## DATASET EXTRACT
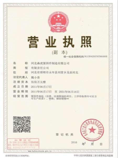 河北森虎緊固件制造有限公司成立于2011年,是建廠較早的緊固件企業(yè)。西臨京廣線,東臨京深高速,地理位置優(yōu)越,交通便利。 主要生產(chǎn):化學錨栓、機械錨栓、定型化學錨栓、高強度8.8級化學錨栓、自切底機械錨栓、車修壁虎,膨脹螺栓,植筋膠。 質(zhì)量方針:先進技術、科學管理、優(yōu)良品質(zhì)、用戶滿意; ...資質(zhì)榮譽
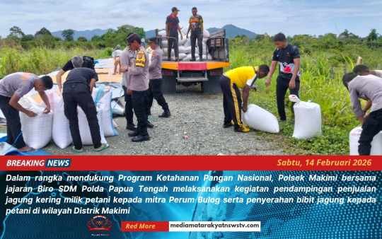 MEDIA MATARAKYATNEWS |Nabire – Dalam rangka mendukung Program Ketahanan Pangan Nasional, Polsek Makimi bersama jajaran Biro SDM Polda Papua Tengah melaksanakan kegiatan pendampingan penjualan jagung kering milik petani kepada mitra Perum Bulog serta penyerahan bibit jagung kepada petani di wilayah Distrik Makimi, Kabupaten Nabire, Sabtu (14/02/2026).
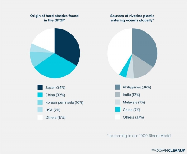 北太平洋垃圾带塑料垃圾国别来源示意图。图片来源:Ocean Cleanup网站。
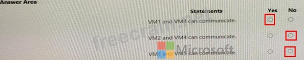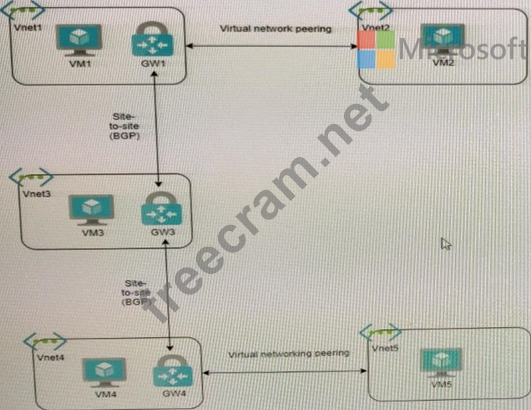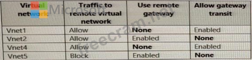 You have virtual network peering between Vnet1 and Vnet2. You have virtual network peering between Vnet4 and Vnet5. The virtual network peering is configured as shown in the following table.
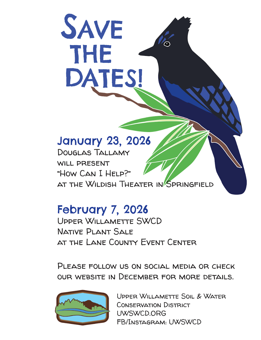 Interested in taking next steps to bring conservation into your home’s yard and garden? Upper Willamette SWCD are hosting a Native Plant Sale on Saturday, February 7th, 2026, at the Lane Events Center Auditorium, featuring a wide variety of locally native species and seeds. Visit their website to learn more and place your order!
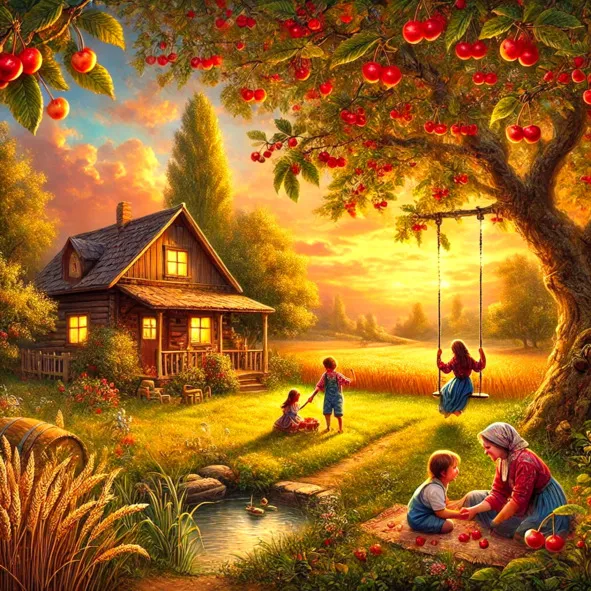 Бабушкин дом был сердцем нашей семьи. Он всегда пах чем-то тёплым и уютным: свежим хлебом, который бабушка пекла каждую субботу, и ароматным вишнёвым компотом, в котором ягоды, словно маленькие рубины, плавали в густой, сладкой воде. В саду, окружённом кустами малины и крыжовника, росли высокие вишни. Мы с сестрой часто собирали с них ягоды, превращая этот процесс в настоящее приключение.
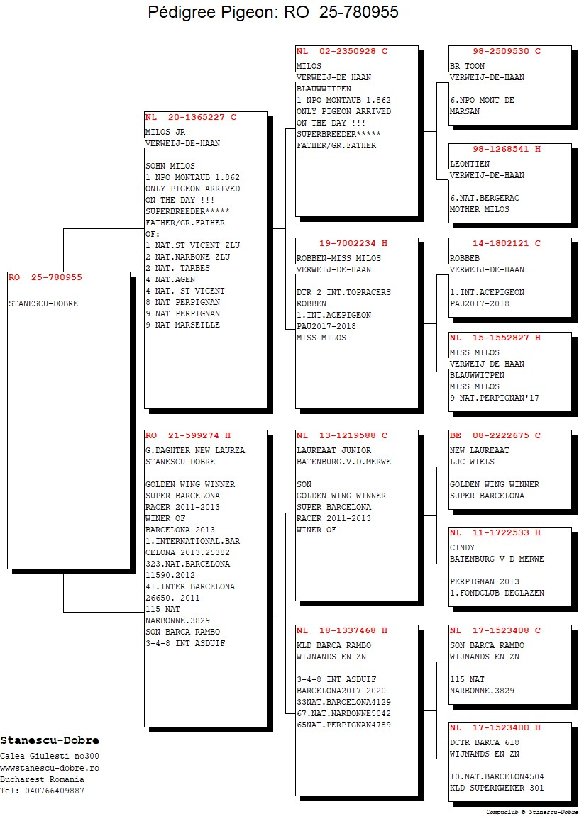 Each pigeon is accompanied by a complete pedigreeofficial race results, and references about prize-winning siblings, with the selection based exclusively on proven performance.
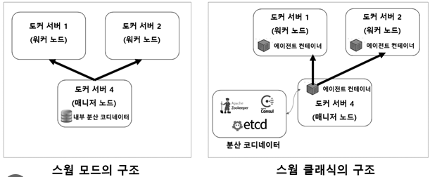 스웜 클래식과 스웜 모드의 다른 차이점은 분산 코디네이터, 에이전트와 같은 클러스터 툴이 별도로 구동되느냐 입니다. 여러개의 도커 서버를 하나의 클러스터로 구성하려면 각종 정보를 저장하고 동기화하는 분산 코디네이터, 클러스터 내의 서버를 관리하고 제어하는 매니저, 각 서버를 제어하는 에이전트가 반드시 있어야 합니다.
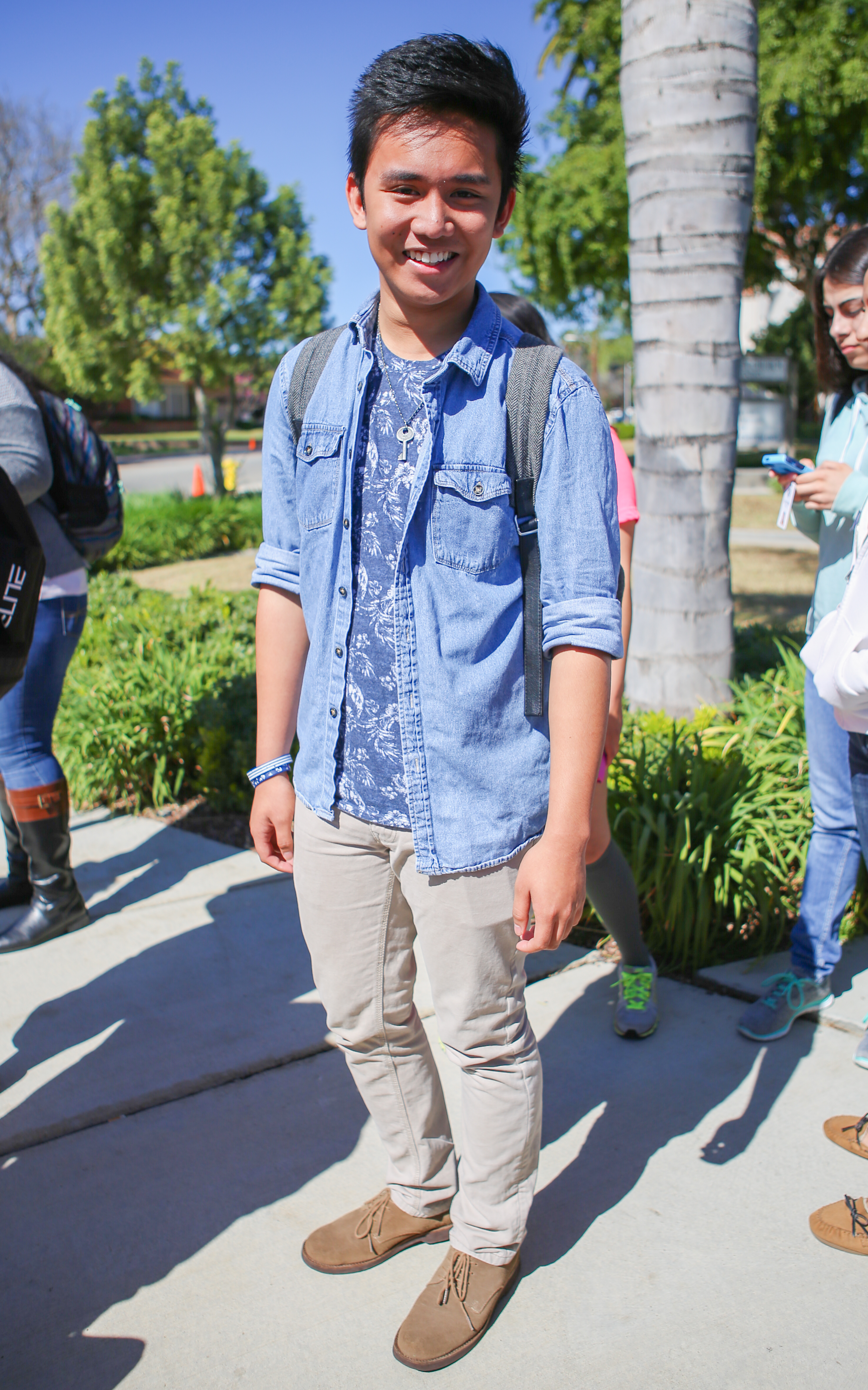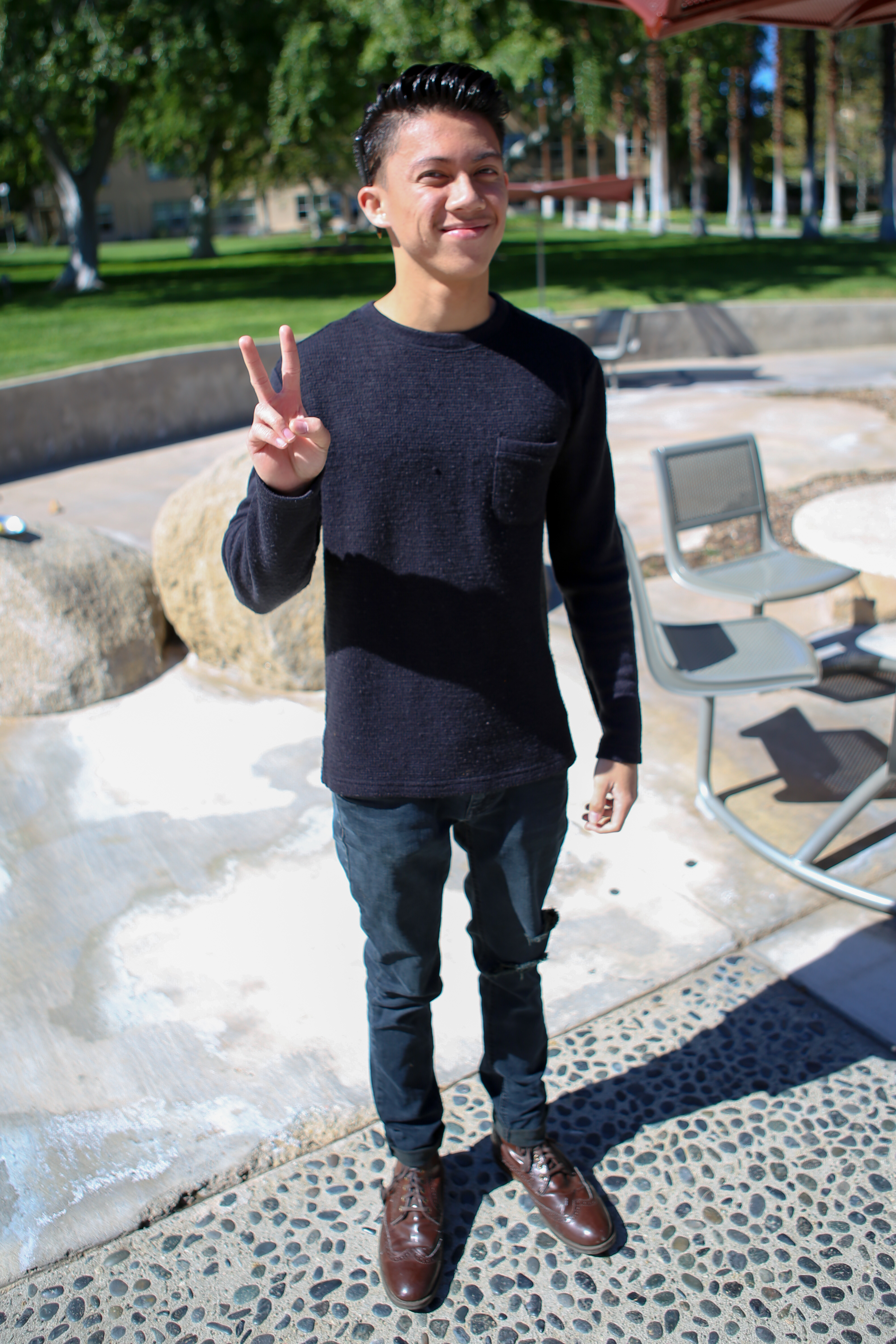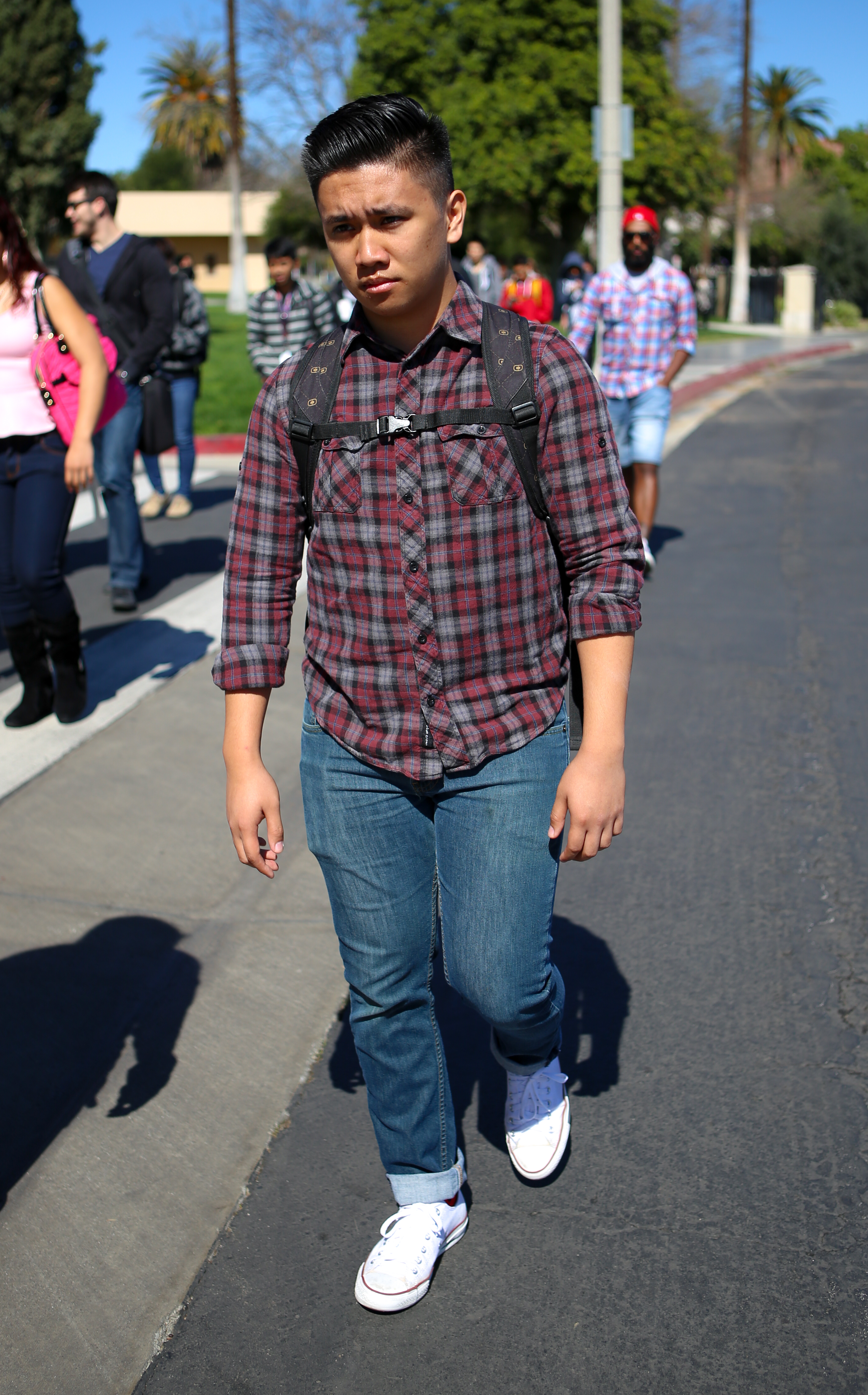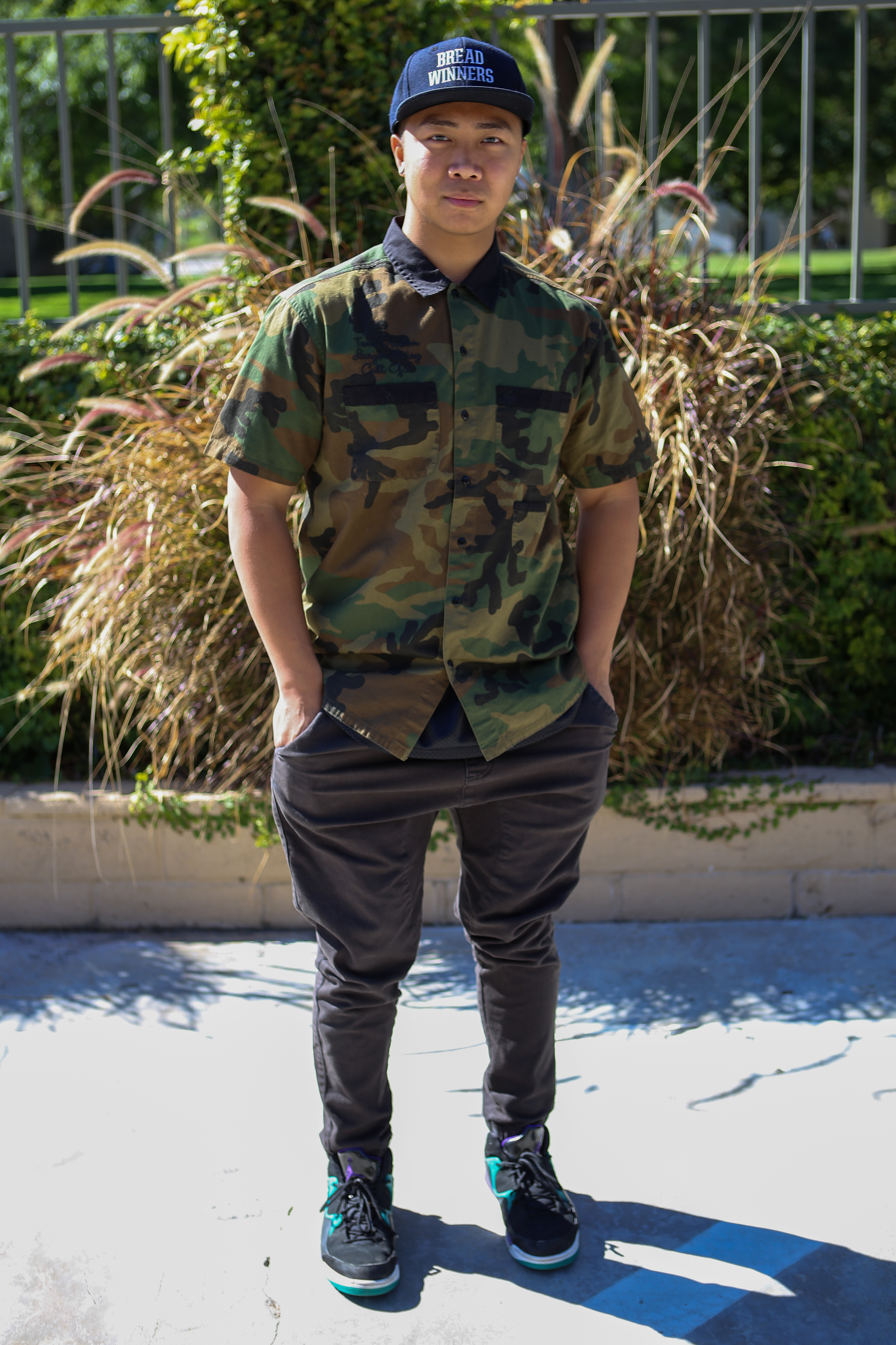 I found myself naturally attracted to Aldenn’s outfit because I dress myself almost exactly the same lol. Once again you can never go wrong with a long sleeve button up and jeans. Cuffing the jeans allows for more attention to be drawn to the shoes, and that works perfectly with the pristine white of his Converse’s. His haircut tops it all of for a very clean look.

## DESCRIPTION OF THE TASK
For this exercise, set down exactly the lines that run from the line holding "Бабушкин дом был" to the last line of the records above; include both end lines and omit pictures.

## RESPONSE BELOW
 Бабушкин дом был сердцем нашей семьи. Он всегда пах чем-то тёплым и уютным: свежим хлебом, который бабушка пекла каждую субботу, и ароматным вишнёвым компотом, в котором ягоды, словно маленькие рубины, плавали в густой, сладкой воде. В саду, окружённом кустами малины и крыжовника, росли высокие вишни. Мы с сестрой часто собирали с них ягоды, превращая этот процесс в настоящее приключение.
 Each pigeon is accompanied by a complete pedigreeofficial race results, and references about prize-winning siblings, with the selection based exclusively on proven performance.
 스웜 클래식과 스웜 모드의 다른 차이점은 분산 코디네이터, 에이전트와 같은 클러스터 툴이 별도로 구동되느냐 입니다. 여러개의 도커 서버를 하나의 클러스터로 구성하려면 각종 정보를 저장하고 동기화하는 분산 코디네이터, 클러스터 내의 서버를 관리하고 제어하는 매니저, 각 서버를 제어하는 에이전트가 반드시 있어야 합니다.
 I found myself naturally attracted to Aldenn’s outfit because I dress myself almost exactly the same lol. Once again you can never go wrong with a long sleeve button up and jeans. Cuffing the jeans allows for more attention to be drawn to the shoes, and that works perfectly with the pristine white of his Converse’s. His haircut tops it all of for a very clean look.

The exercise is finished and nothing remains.